Yeah, man... it looks like a helluva class on paper. We'll see if they pan out.

I'm gonna go out on a limb and say Clowney disses S. Carolina and ends up at Clemson. 

Btw, when did high school recruits become such absolute attention whores?


----------



## rubberring (Feb 9, 2011)

Recruiting rankings (pre-Clowney):

Yahoo Sports: Rivals.com 2011 Team Recruiting Rankings

Looking beyond just the star ratings... Bama, FSU, Georgia, LSU, and Clemson killed it. Notre Dame and tOSU both had solid classes as well.

Mullen didn't do too well, which is a bit surprising after the year Miss. State had in 2010. Hard to get kids to come to places like Starkville though.


----------



## babyhulk (Feb 11, 2011)

rubberring said:


> Recruiting rankings (pre-Clowney):
> 
> Yahoo Sports: Rivals.com 2011 Team Recruiting Rankings
> 
> ...


 
Solid? Man for what we needed...we killed it. But I am a little biased and all. Lol. It should be interesting in 2 yrs. Defense wins games. Just glad we have a coach that knows this...even though his track record doesn't show it.


----------



## babyhulk (Feb 11, 2011)

You must spread reputation around before giving it to Ruberring again...I hate that pop up


----------



## babyhulk (Feb 11, 2011)

You must spread reputation around before giving it to Bucknuts. Sorry dude. I got u when I can.


----------



## BUCKNUTS (Feb 11, 2011)

babyhulk said:


> You must spread reputation around before giving it to Bucknuts. Sorry dude. I got u when I can.

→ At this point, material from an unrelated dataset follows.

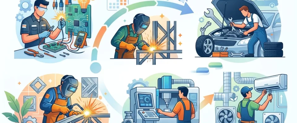 Освоить рабочую профессию за 3 месяца — это реальная цель, если выбрать направление с понятным набором навыков и достаточной практикой. Электромонтажник и плиточник подойдут тем, кто хочет быстро выйти на частные заказы и постепенно повышать чек. Монтажник кондиционеров — отличный вариант для тех, кто готов к сезонности и любит «технические» задачи. Сварщик дает высокий потенциал дохода, но требует дисциплины и регулярной практики. Оператор ЧПУ — хороший путь в стабильное производство, где ценятся точность и ответственность.
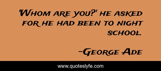 This page presents the quote "'Whom are you?' he asked for he had been to night school.". Author of this quote is George Ade. .

no problem bro. I too am pretty happy with what my beloved Buckeyes did with this class The 2 linebackers should play early


----------



## yjyankee (Feb 13, 2011)

Despite MI running RRod off so late, I think we still did OK.  Got some good athletes coming in & I think we did good on getting some quality on the D side..  Oh, we also got a 3 star kicker!!  Lol.


----------



## rubberring (Feb 15, 2011)

yjyankee said:


> Despite MI running RRod off so late, I think we still did OK.  Got some good athletes coming in & I think we did good on getting some quality on the D side..  Oh, we also got a 3 star kicker!!  Lol.



Brady Hoke will be a solid coach. Best hire they could've made, IMO. Looking forward to the 2012 Bama-UM game in Dallas. My former roommate (played for Michigan) and I will be there.


----------



## rubberring (Feb 16, 2011)

Bad day to be an Auburn fan. Don't hate me... I live in California, so I'm a tree-hugger... not a tree-killer. 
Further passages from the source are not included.